Cashew-Based Mac & Cheese with Broccoli

"Scratches the itch!"



Recipe by Cookie + Kate | Serves: 2-4 | Time: ~40 min


Ingredients

8 oz elbow macaroni

1 head of #broccoli, florets cut into small bites

1 ½ tbsp avocado oil or extra-virgin olive oil

1 small yellow onion, chopped

1 cup peeled and grated russet potato

3 cloves garlic, minced

½ tsp garlic powder

½ tsp onion powder

½ tsp dry mustard powder

½ tsp salt, more to taste

Pinch of red pepper flakes

⅔ cup raw #cashews, soaked in hot water for at least 15 min

1 cup water, more as necessary

¼ cup nutritional yeast

2 to 3 tsp apple cider vinegar


Instructions

Bring a large pot of salted water to boil for the pasta. Cook according to package directions. If using broccoli, stir it into the pot when just 2 to 3 more minutes remain. Drain, and transfer the contents to a large serving bowl.

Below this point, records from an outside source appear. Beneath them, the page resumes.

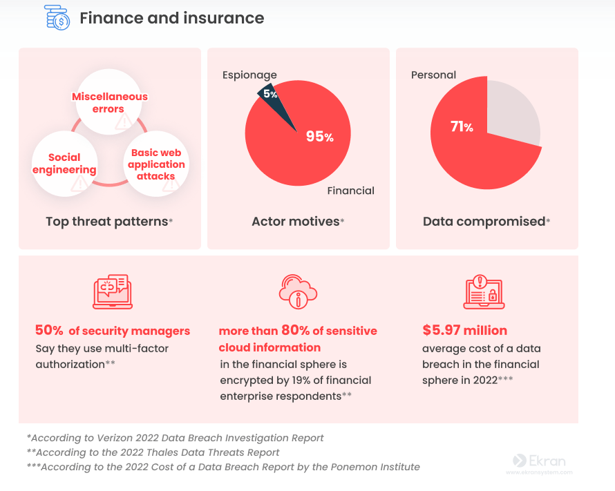 大多数数据泄露尝试都包括 Web 应用程序攻击。由于数以百万计的客户使用这些应用程序,因此检测和消除这些攻击尤其困难。现实世界中的金融企业也面临数据泄露威胁:骗子在 ATM 上安装窃取器和卡陷阱,或者干脆窃取机器。Verizon 2022 数据泄露调查报告还发现,金融和保险领域 27% 的数据泄露可以追溯到内部活动。
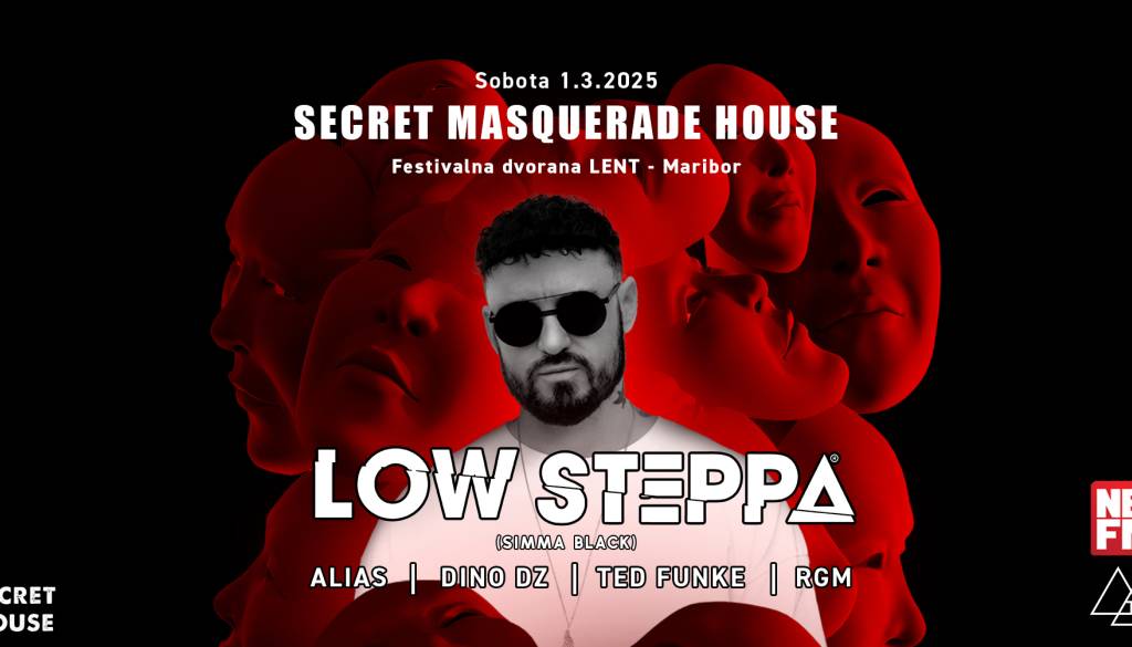 Loška ulica 13, MariborOboževalci House glasbe pozor! Prvič v Slovenijo prihaja legendarni House DJ Low Steppa na največji, pustno obarvani Secret House doslej in sicer v Festivalno dvorano Lent (Maribor), ki se bo 1.3. prelevila v pravcato klubsko prizorišče!
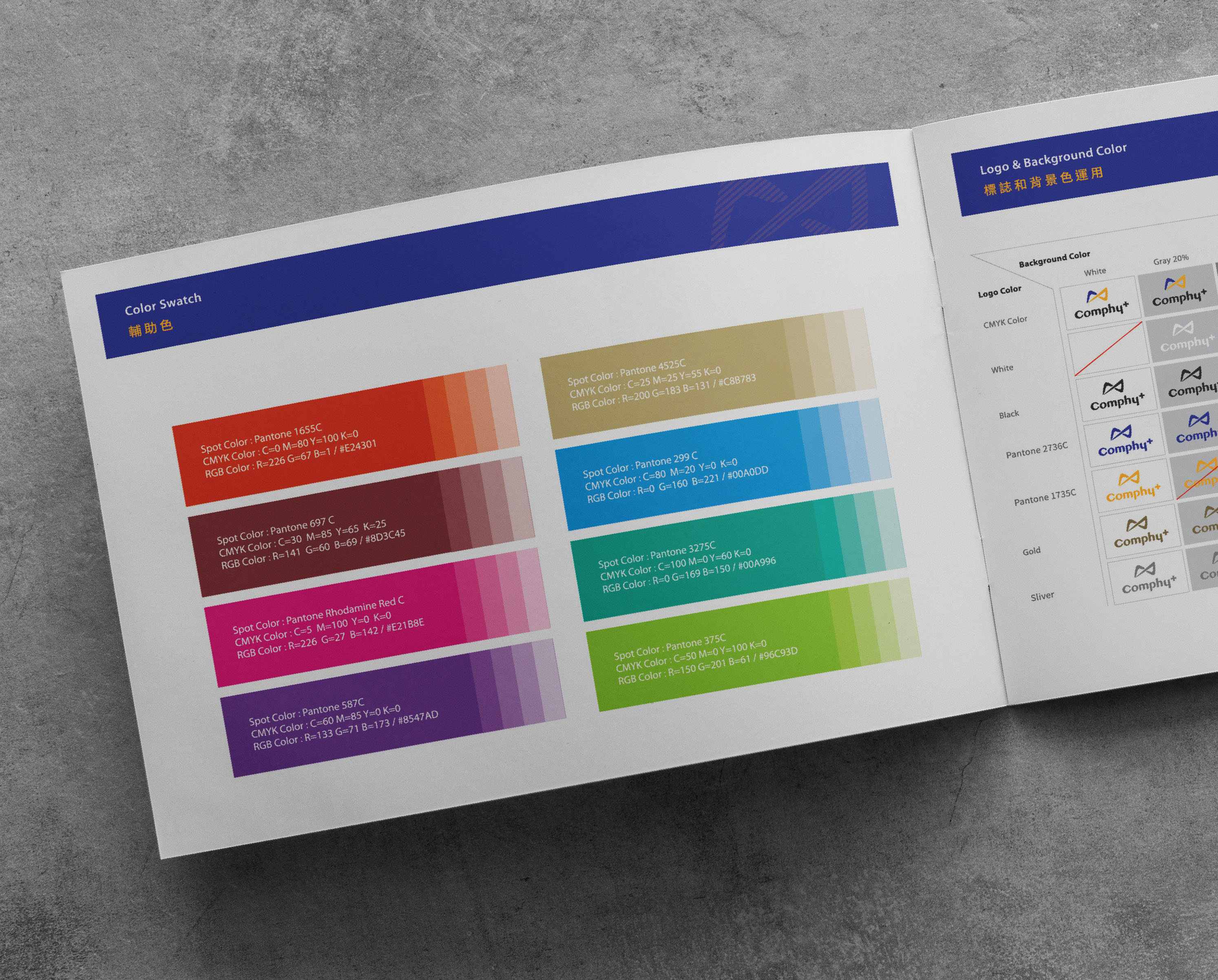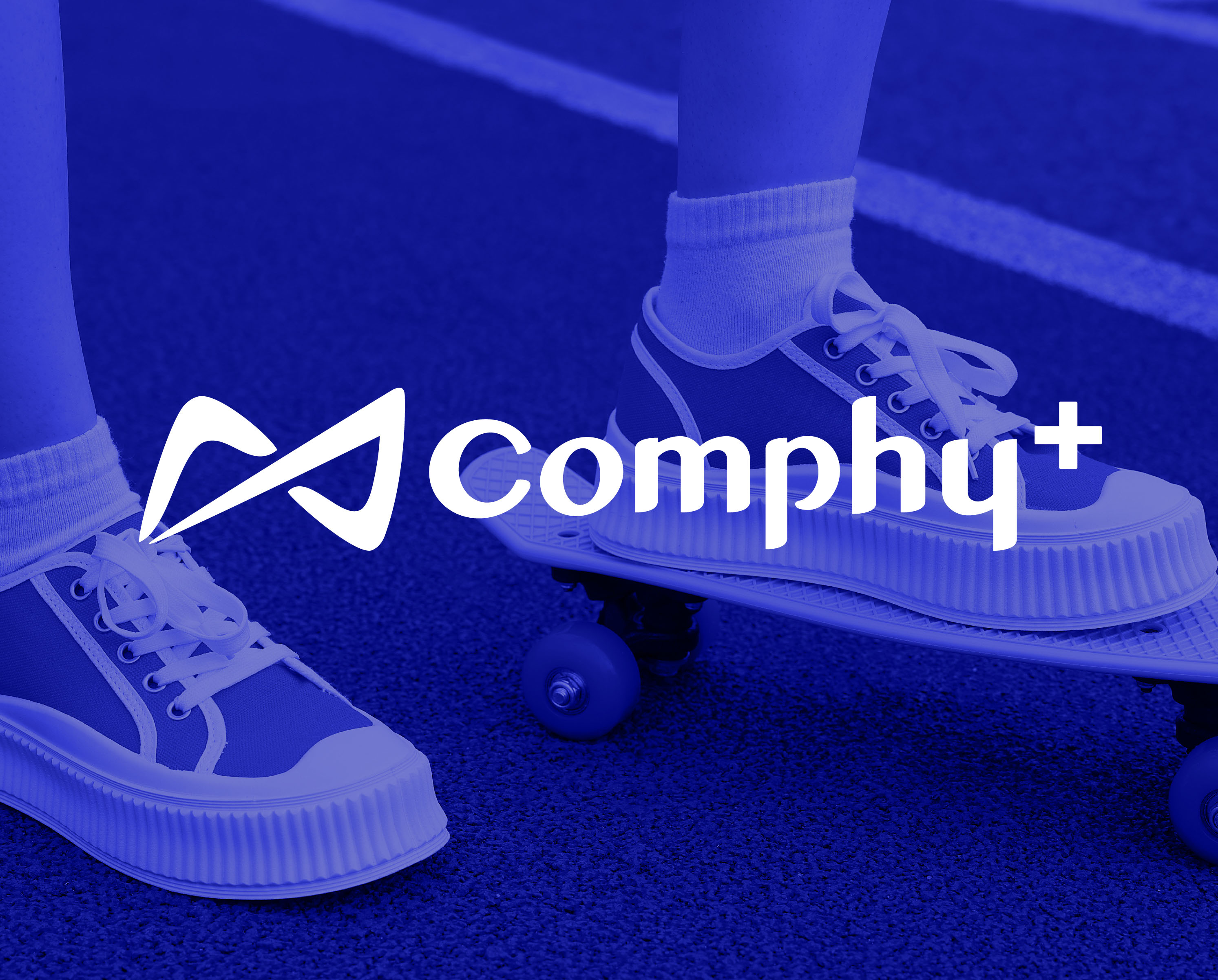 「每天運動一點點,健康就多一點點。」Comphy+ 從「人對健康的期待」出發,以人體工學與運動力學為基礎,結合高科技與精密工匠技術,追求「讓穿著絕對舒適健康」的產品理想。以「C+P」組成無限可能,「Com」代表Comfortable是舒適、舒服,「Phy」代表Physical是自然、健康,「+」強調無限可能,從「人因工學」與「人的需求」出發,有科技、機能、美麗、保養、環保等多方面。標準色設定是躍動知識的「藍」與健康行動的「黃」。
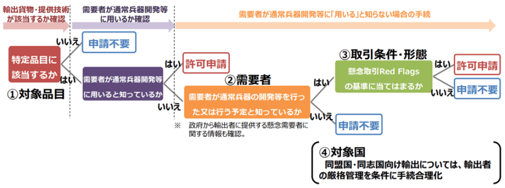 現行の外国為替及び外国貿易法(以下「外為法」という。)に基づく通常兵器キャッチオール規制は、いわゆるリスト規制品目(軍事転用の可能性が特に高い機微な貨物・技術として輸出貿易管理令別表第1の1~15項において指定された貨物及び外国為替令別表の1~15項において指定された技術)以外の全ての品目(食料や木材等は除く。)を対象としているが、国連武器禁輸国以外の国・地域(以下「一般国」という。)を仕向地とする場合、経済産業大臣から輸出許可申請をすべき旨の通知を受けた場合(インフォーム要件)に限って規制対象とされており、輸出者による用途確認・需要者確認の結果、通常兵器の開発・製造・使用に用いられるおそれがある場合に輸出許可申請を必要とする要件(いわゆる客観要件)は定められていない。

Meanwhile, in a medium-to-large saucepan, warm the oil over medium heat. Add the onion and a pinch of salt and cook, stirring often, until the onion is tender and turning translucent, about 5 minutes.


Add the grated potato, garlic, garlic powder, onion powder, mustard powder, salt and red pepper flakes. Stir to combine, and cook, stirring constantly, for about 1 minute to enhance their flavors.


Add the cashews and water, and stir to combine. Let the mixture come to a simmer. Continue simmering, stirring frequently and reducing heat as necessary to avoid a rapid boil, until the potatoes are completely tender and cooked through, about 5 to 8 minutes.


Carefully pour the mixture into a blender. Add the nutritional yeast and 2 teaspoons vinegar. Blend until the mixture is completely smooth, about 2 minutes, stopping to scrape down the sides if necessary. If the mixture won’t blend easily or if you would prefer a thinner consistency, add water in ¼ cup increments, blending after each one.


Taste and adjust seasoning as necessary


Pour the sauce into the bowl of pasta. Stir until well combined, and serve immediately.